Data entries
_ _ _ _
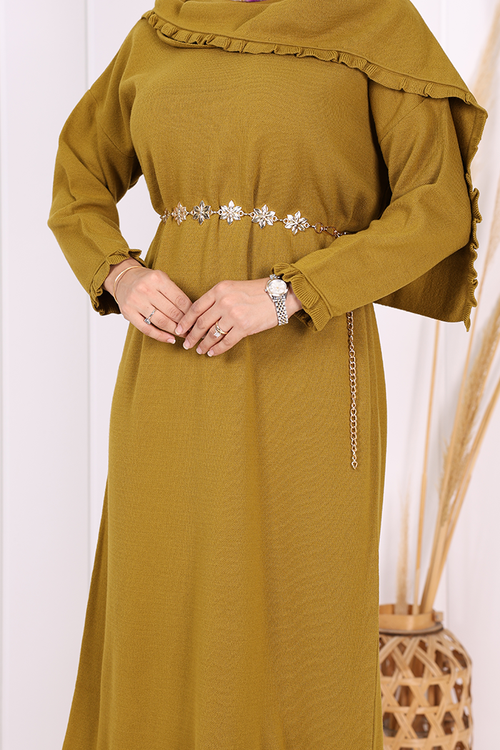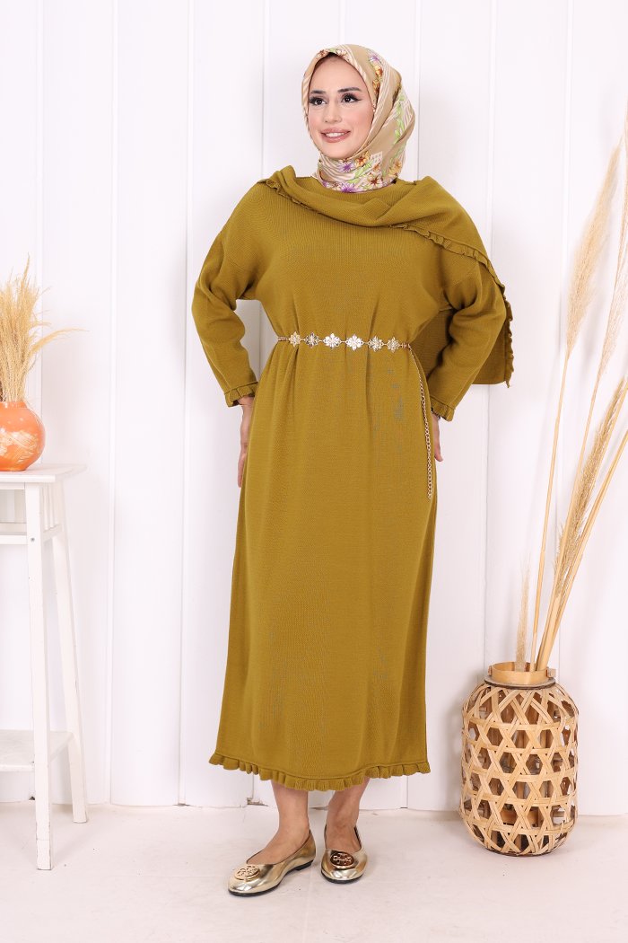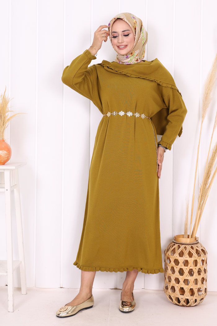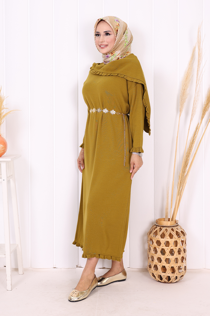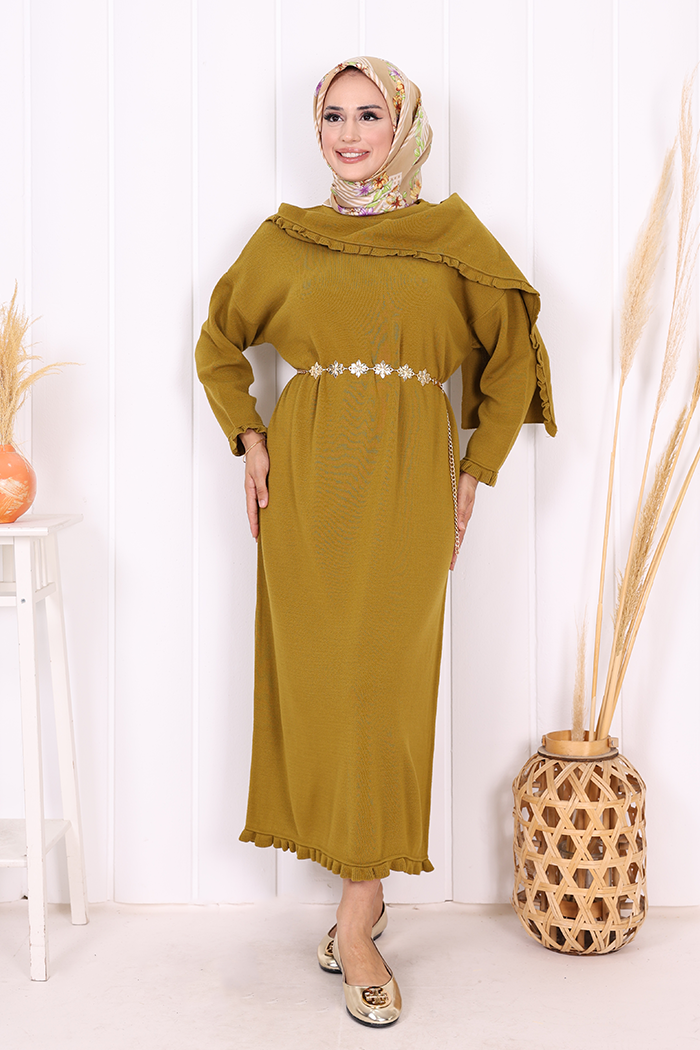 Omuzda Apolet Fırfırlı Triko Elbise 17030 Yağ Yeşili
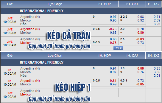 * Chốt kèo trận Argentina vs Mexico (09h00)
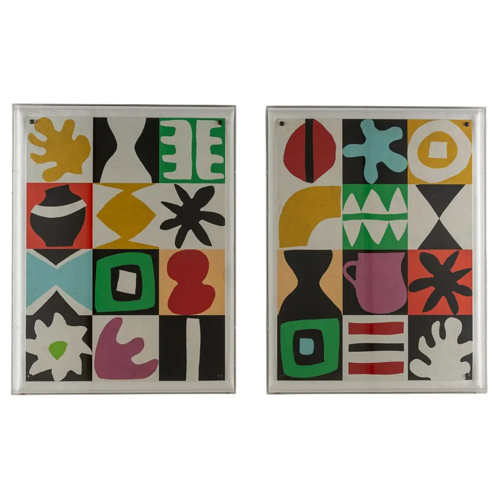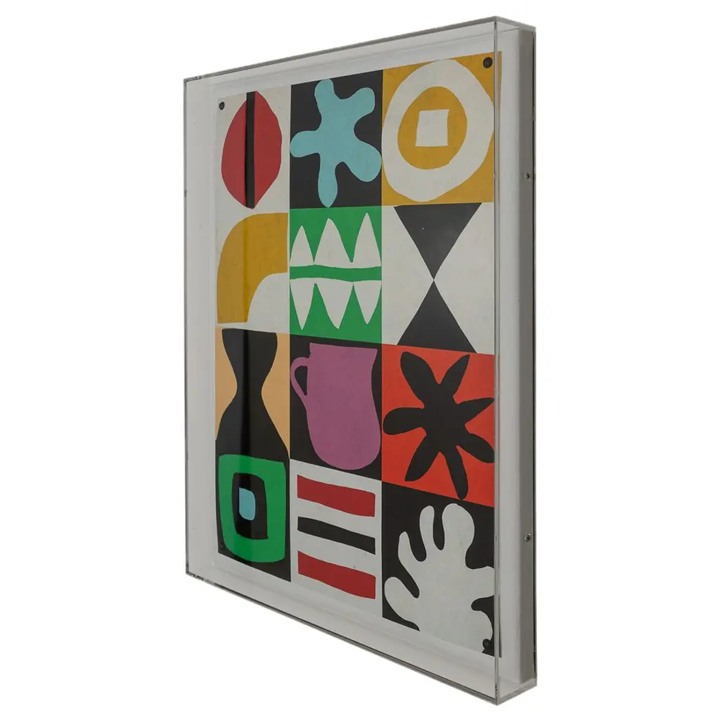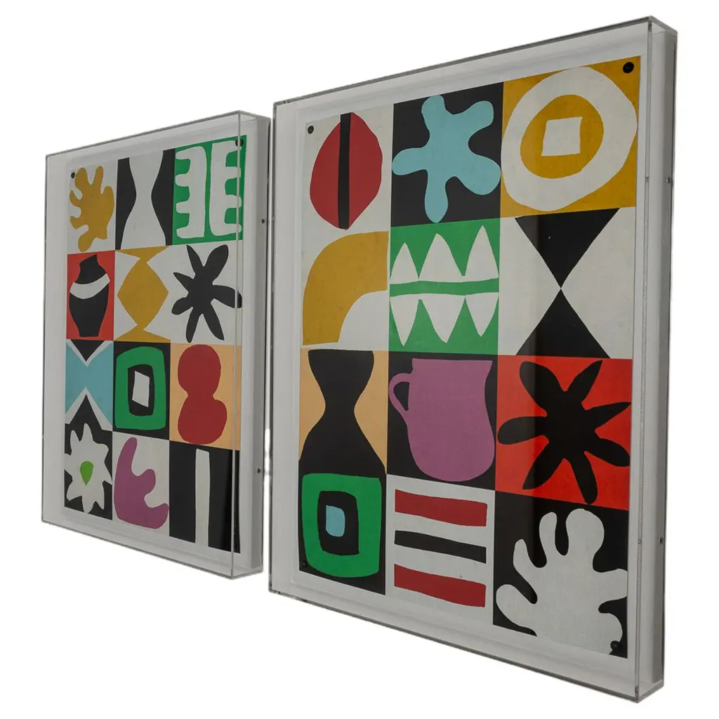 Eclectic is a colorful pair of graphic symbols of shapes, urns, starburst, and lines all stacked into a bold art statement. Featuring a giclee print mounted under a 2.5" deep lucite shadow box, the artwork print is attached to a linen wrapped interior panel and finished with black nail head in each corner. Each panel is sold individually. Artwork may be hung individually or as a pair. Measurements: 26"H x 20"W x 2.5"D. Materials: acrylic frame, interior board mount, giclee paper print.
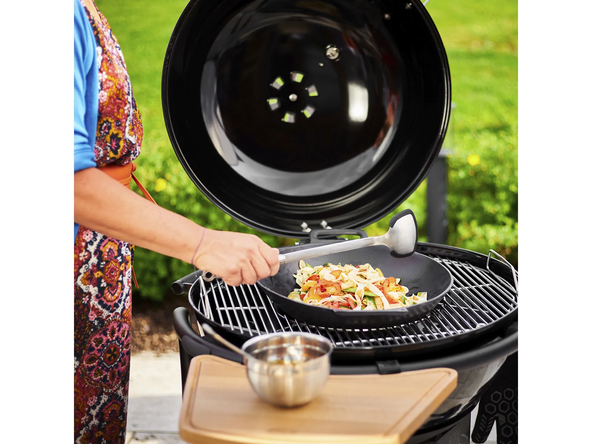 Den flade wokbase er også velegnet til kogeplader i køkkenet og passer til alle komfurtyper, også induktion.
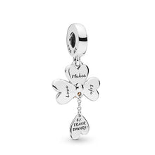 Add a touch of love and luck to your look with this two-tone dangle in Pandora Rose and sterling silver. The four-leaf clover shape is detailed with a pretty blush-pink ladybird and the engraving 'Love makes life extraordinary!'
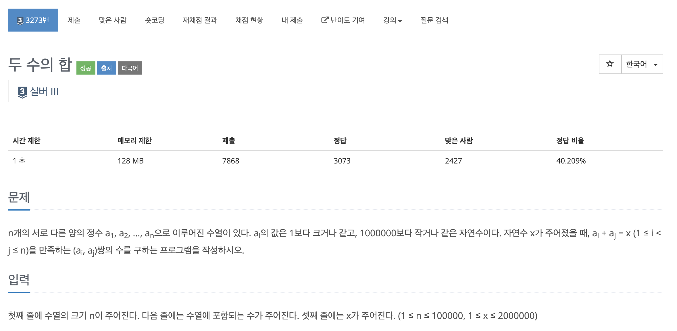 n개의 서로 다른 양의 정수 a1, a2, ..., an으로 이루어진 수열이 있다. ai의 값은 1보다 크거나 같고, 1000000보다 작거나 같은 자연수이다. 자연수 x가 주어졌을 때, ai + aj = x (1 ≤ i < j ≤ n)을 만족하는
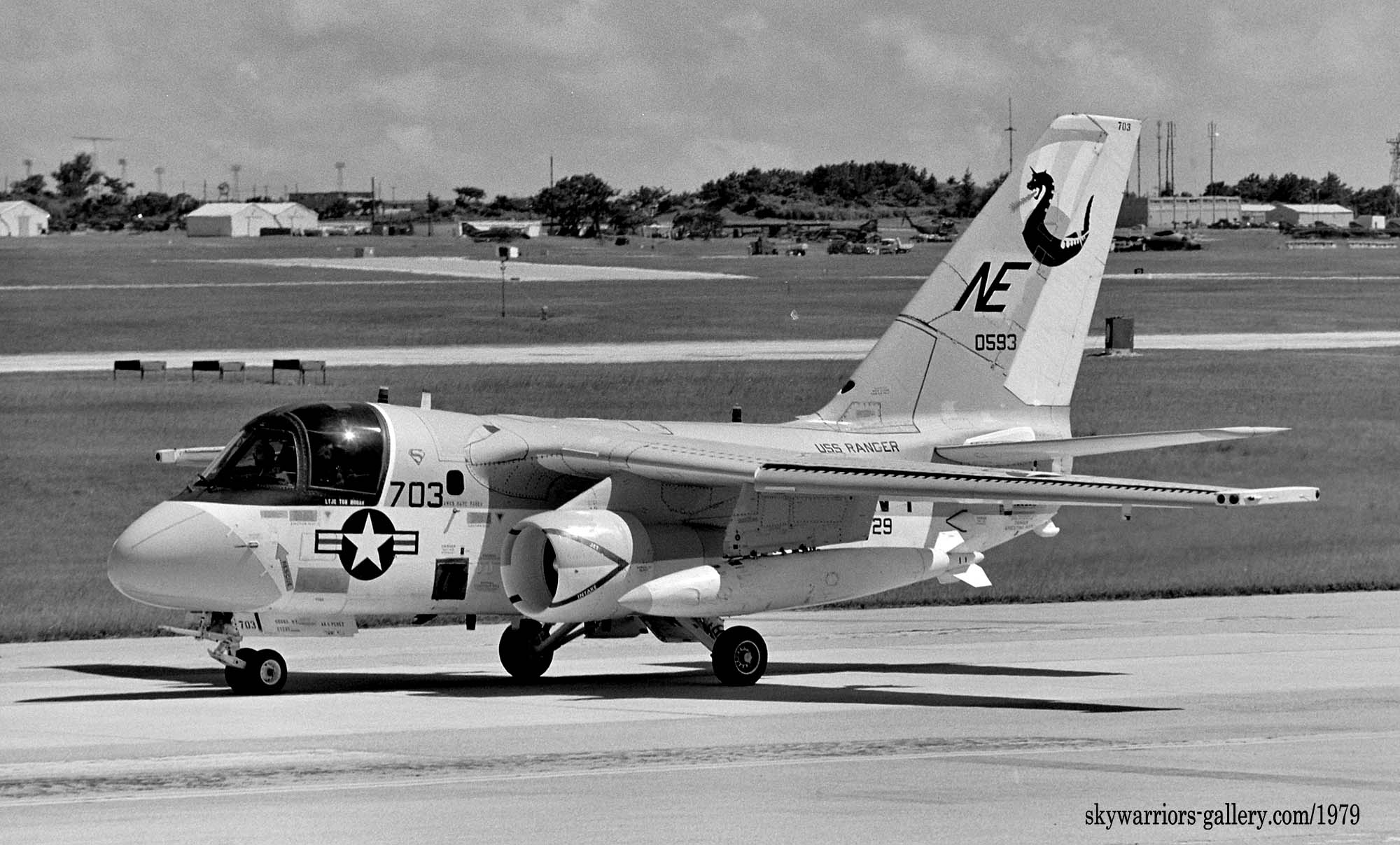 ”DRAGON FIRES”と名づけられたこの部隊は、1960年4月1日に創設された。1964年から太平洋方面での活動が本格化して、ベトナム付近のトンキン湾での活動を行っている。1975年にS-3Aバイキングへ機種転換完了して北欧のバイキングが使用したドラゴンシップをモチーフにしたマークを尾翼に入れていた。1974年7月にS-3Aの1機目を受領しているので VSとしては早いほうである。最初にCVW-14に配属されUSSエンタープライズで航海にでて以来 一貫して太平洋方面で活動してきた部隊である。1976年に2機が横田に飛来している。その後 CVW-2に配属がえになり USSレンジャーに搭載されている頃 嘉手納にも飛来して漸く撮影の機会に恵まれた。このときは、コクピット脇に スーパーマンのSマークを入れていた。その後1981年には、USSキティホークに搭載されCVW-15の傘下で運用されてる。CVW-15がUSSカールビンソンへ移動後は、1984年から1990年まで4回に渡り 同空母で航海に出ている。1991年からはCVW-11に移動し USSリンカーンに搭載されてフィリピンのピナトゥボ山噴火の際スービック湾海軍基地からの退避などで活躍した。部隊は、2004年に閉隊となった。
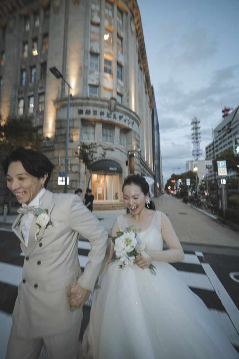 衣装をチェンジして旧居留地の街並みを楽しみながらパーティ会場へ移動です
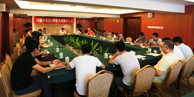 ? ? ? ? ?9月15日,福建中農農業生產資料有限公司(以下簡稱“福建中農”)在福州召開2012年秋冬業務經營研討會,福建中農各部門、各配送中心負責人及部分業務人員參加會議。會議由福建中農總經理黃明光主持。? ? ? ? ?會議對福建中農階段性經營工作進行了全面總結,對當前面臨的新形勢、新問題進行了深入分析,對去庫存工作的執行情況進行了重點回顧和詳盡評價。? ? ? ? ?會議要求,在當前較為低迷的市場環境下,全體人員務必做到時刻關注市場,分析市場,在堅持“去庫存、收欠款、保渠道、抓團隊、找機遇”的經營原則下,在保證渠道暢通的前提下,做到不斷檔、不壓庫,有計劃、有步驟的開展各項經營工作。同時會議強調,在秋冬種植的小旺季內,公司將集中人力、物力,持續加大差異化產品的銷售力度,加大多酶金尿素、大顆粒尿素等化肥產品的推廣力度,為實現年度各項經營指標打好良好基礎。
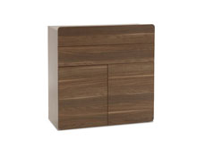 Комод состоит из двух выдвижных ящиков и одного высокого, вместительного шкафчика с двумя полками.
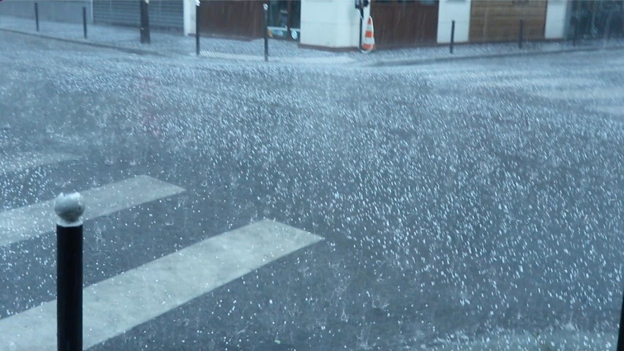 Fransa’nın başkenti Paris’te termometrelerin 25 dereceyi gösterdiği sırada ceviz büyüklüğünde dolu yağdı.
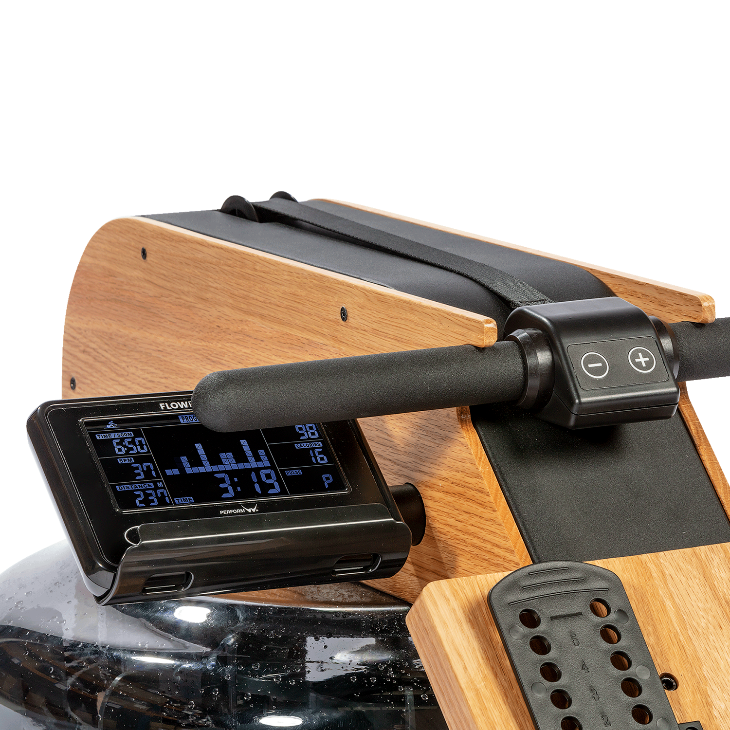 Flow Fitness Perform W9i er en avanceret vandromaskine i massivt egetræ, der kombinerer naturlig rofølelse, intelligent modstand og moderne app-integration. Det unikke vandmodstandssystem suppleres af justerbar friktionsmodstand, som nemt styres via Quick Keys i håndtaget. Resultatet er en jævn, realistisk og effektiv rooplevelse, der kan tilpasses alle niveauer – fra let konditionstræning til intensiv performance-træning.
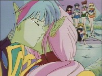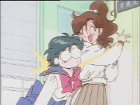 優しく亜美ちゃんの肩を抱き、そっとうさぎの方に押してあげるまこちゃん。 いやぁ、この優しさですよ(^^) まこちゃん、いい娘ですねぇ。 この場面はね、ここで紹介するには小さすぎるので、やっぱり実際ビデオ等で見てほしいですね。 |
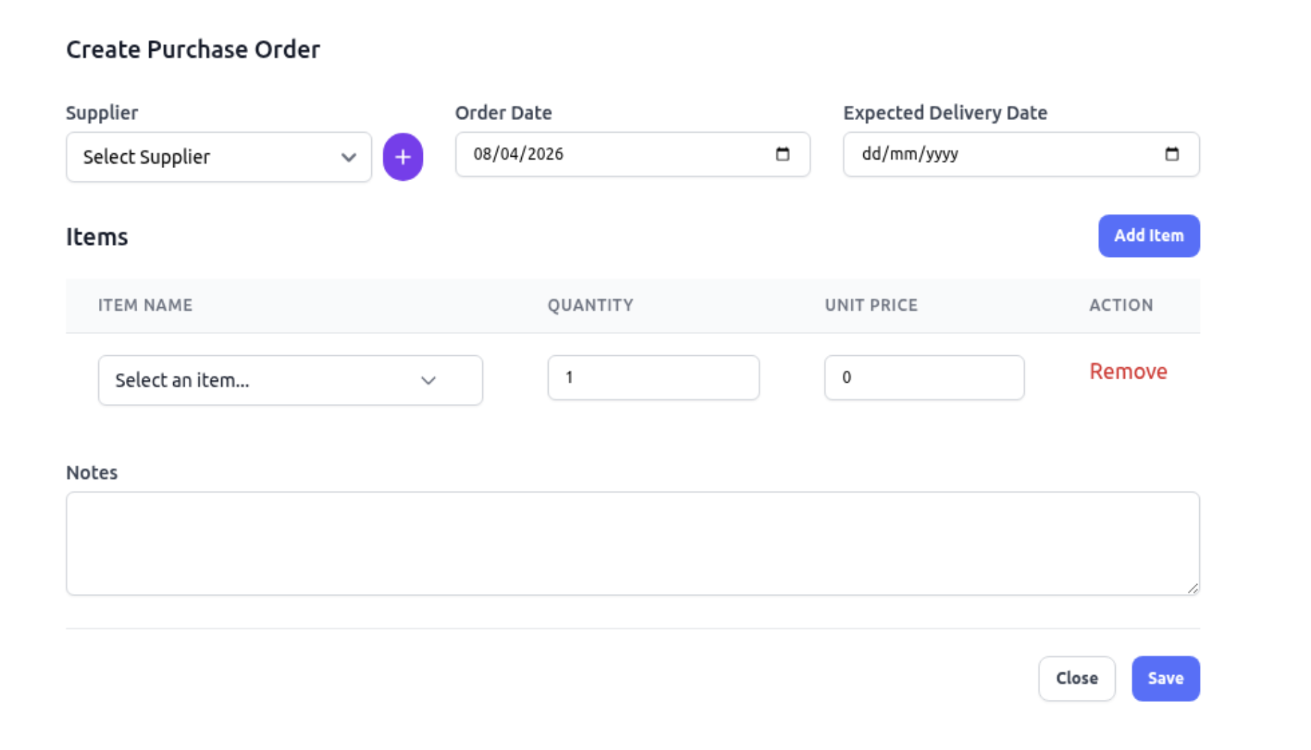 Suppliers can also be added while creating a purchase order. From the “+” icon beside “ select supplier”
_ _ _ _
Among the entries above, copy exactly the stretch from the line holding "vs Mexico (09h00)" through the line holding "n개의 서로 다른 양의", leaving out any pictures.

— Exercise response —
 * Chốt kèo trận Argentina vs Mexico (09h00)
 Eclectic is a colorful pair of graphic symbols of shapes, urns, starburst, and lines all stacked into a bold art statement. Featuring a giclee print mounted under a 2.5" deep lucite shadow box, the artwork print is attached to a linen wrapped interior panel and finished with black nail head in each corner. Each panel is sold individually. Artwork may be hung individually or as a pair. Measurements: 26"H x 20"W x 2.5"D. Materials: acrylic frame, interior board mount, giclee paper print.
 Den flade wokbase er også velegnet til kogeplader i køkkenet og passer til alle komfurtyper, også induktion.
 Add a touch of love and luck to your look with this two-tone dangle in Pandora Rose and sterling silver. The four-leaf clover shape is detailed with a pretty blush-pink ladybird and the engraving 'Love makes life extraordinary!'
 n개의 서로 다른 양의 정수 a1, a2, ..., an으로 이루어진 수열이 있다. ai의 값은 1보다 크거나 같고, 1000000보다 작거나 같은 자연수이다. 자연수 x가 주어졌을 때, ai + aj = x (1 ≤ i < j ≤ n)을 만족하는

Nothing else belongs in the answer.